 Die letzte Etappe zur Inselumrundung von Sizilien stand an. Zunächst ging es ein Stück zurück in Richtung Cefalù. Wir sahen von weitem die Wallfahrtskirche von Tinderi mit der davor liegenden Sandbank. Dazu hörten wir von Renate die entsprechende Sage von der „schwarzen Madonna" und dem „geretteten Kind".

--

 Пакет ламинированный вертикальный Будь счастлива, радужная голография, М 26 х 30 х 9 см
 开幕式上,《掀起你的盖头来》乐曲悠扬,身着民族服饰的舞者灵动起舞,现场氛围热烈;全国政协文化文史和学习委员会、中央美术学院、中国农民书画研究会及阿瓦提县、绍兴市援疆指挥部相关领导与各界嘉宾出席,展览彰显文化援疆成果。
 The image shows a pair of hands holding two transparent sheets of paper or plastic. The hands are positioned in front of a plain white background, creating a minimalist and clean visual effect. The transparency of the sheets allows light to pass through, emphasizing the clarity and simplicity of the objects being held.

* * *

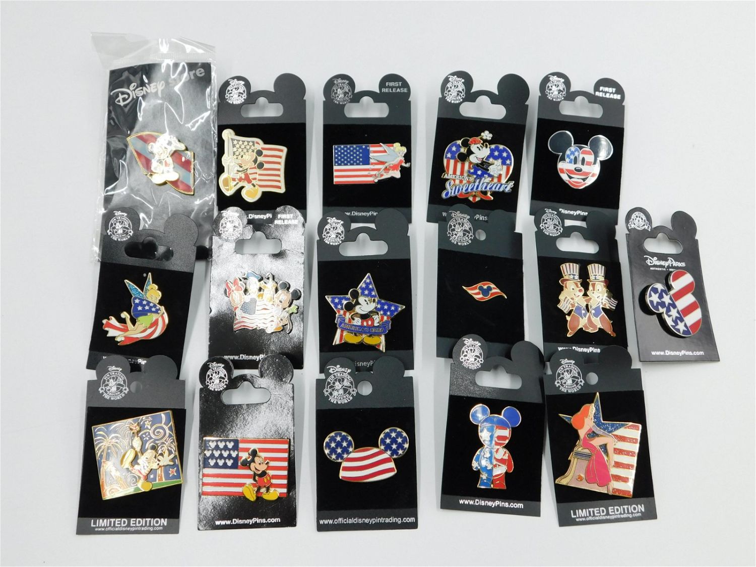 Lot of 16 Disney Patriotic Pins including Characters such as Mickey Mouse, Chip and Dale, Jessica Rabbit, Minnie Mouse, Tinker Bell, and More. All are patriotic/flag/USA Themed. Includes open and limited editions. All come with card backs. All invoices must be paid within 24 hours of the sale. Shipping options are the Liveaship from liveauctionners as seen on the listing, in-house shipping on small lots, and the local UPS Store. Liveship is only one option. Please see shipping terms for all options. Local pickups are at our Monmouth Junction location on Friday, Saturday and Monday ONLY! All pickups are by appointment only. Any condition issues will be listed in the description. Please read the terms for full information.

◆ TASK DESCRIPTION:
Begin with the line that has "开幕式上,《掀起你的盖头来》" in the listing above and end after the line that has "The image shows"; output those lines exactly.

◆ RESPONSE:
 开幕式上,《掀起你的盖头来》乐曲悠扬,身着民族服饰的舞者灵动起舞,现场氛围热烈;全国政协文化文史和学习委员会、中央美术学院、中国农民书画研究会及阿瓦提县、绍兴市援疆指挥部相关领导与各界嘉宾出席,展览彰显文化援疆成果。
 The image shows a pair of hands holding two transparent sheets of paper or plastic. The hands are positioned in front of a plain white background, creating a minimalist and clean visual effect. The transparency of the sheets allows light to pass through, emphasizing the clarity and simplicity of the objects being held.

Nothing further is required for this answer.